"The Vision of Daniel"
Willem Drost (1633-1659) was a Dutch Golden Age painter and printmaker of history paintings and portraits.
He is a mysterious figure, closely associated with Rembrandt, with very few paintings clearly attributable to him.
He was presumably born in Amsterdam, in what was then known as the United Provinces of the Netherlands. Around 1650 he became a student of Rembrandt, eventually developing a close working relationship, painting history scenes, biblical compositions, symbolic studies of a solitary figure, as well as portraits. As a student, his 1654 painting titled Bathsheba was inspired by Rembrandt's painting done in the same year on the same subject and given the same title, though their treatments are rather different; both Drost's and Rembrandt's paintings are in the Louvre in Paris.

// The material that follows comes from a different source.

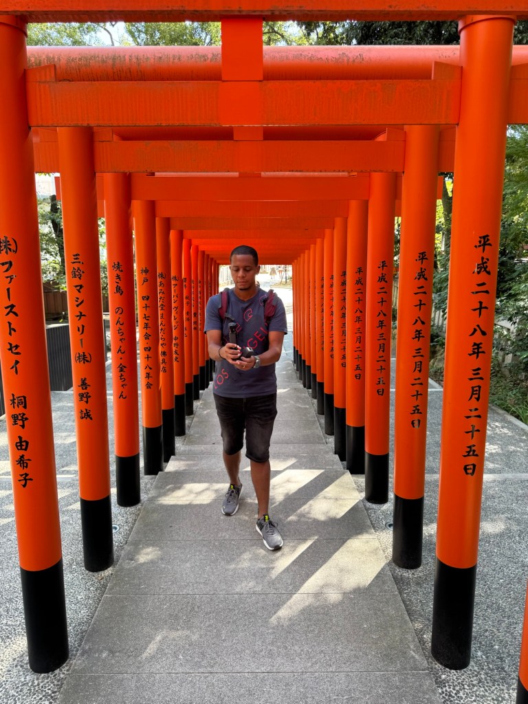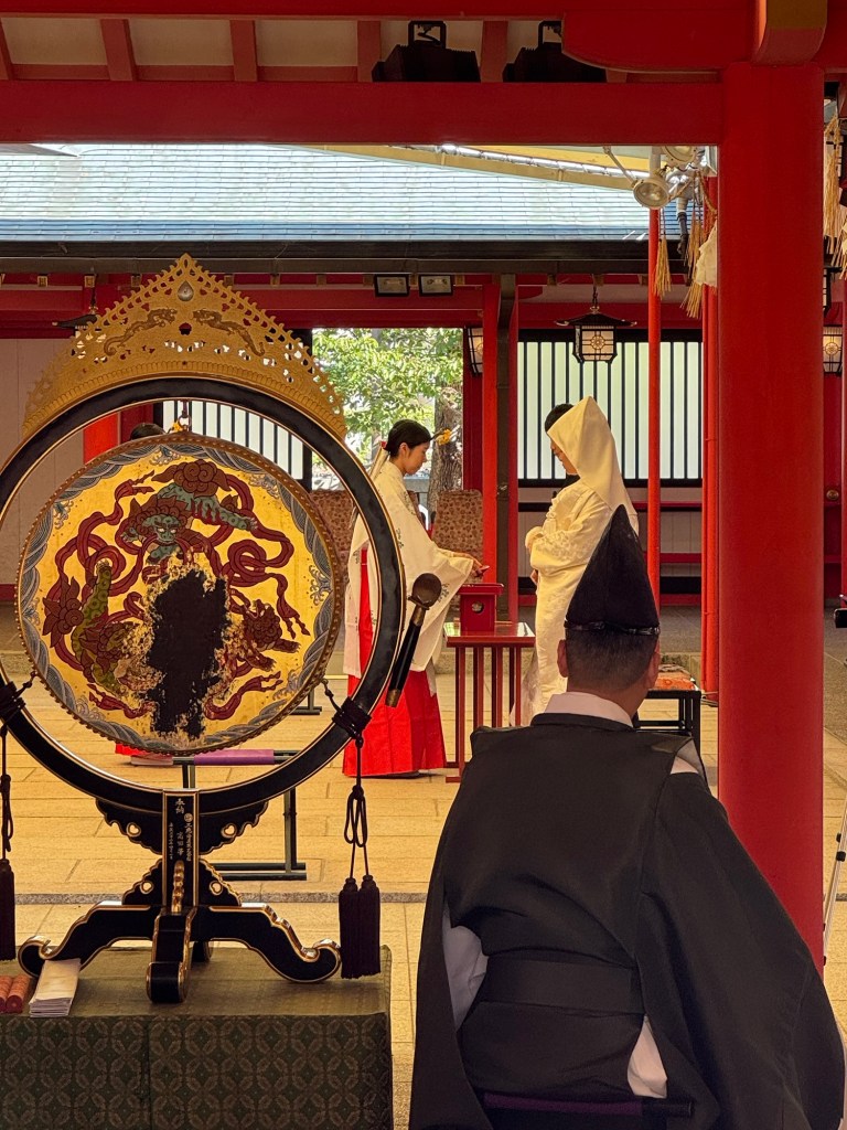 Situé en plein centre-ville, à quelques mètres de notre hôtel, nous profitons pour visiter ce magnifique sanctuaire (entrée gratuite, goshuin à 300 yens). Fondé en 201 après J-C, ce sanctuaire a des liens profonds avec Kobe et accueille de nombreux festivals majeurs tout au long de l’année. Ainsi nous assistons à une cérémonie de mariage au cours de notre passage.
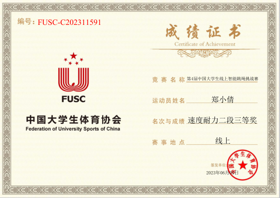 为促进跳绳运动在全国各地的普及和发展,2023年4月24日—5月14日,中国大学生体育协会线上举办了第4届中国大学生线上智能跳绳挑战赛。

Art historian Houbraken described him as a painter of historical allegories and a pupil of Rembrandt. Houbraken saw a Johannes Predicatie (Sermon of John) by him that was well composed and painted. He spent a long period in Rome where he became friends with Karel Lot and the well-to-do Utrecht painter Joan vander Meer, who had travelled to Italy in the company of the marine painter Lieve Verschuier in 1653 and became friends with him there.
He was in Amsterdam until 1655 and then travelled to Italy. He influenced the painter Adolf Boy. Sometime in the mid-1650s, the young artist went to Rome, where, again according to Houbraken, he collaborated with the German artist Johann Carl Loth on a lost series of the Four Evangelists in Venice. He died in the latter city in 1659.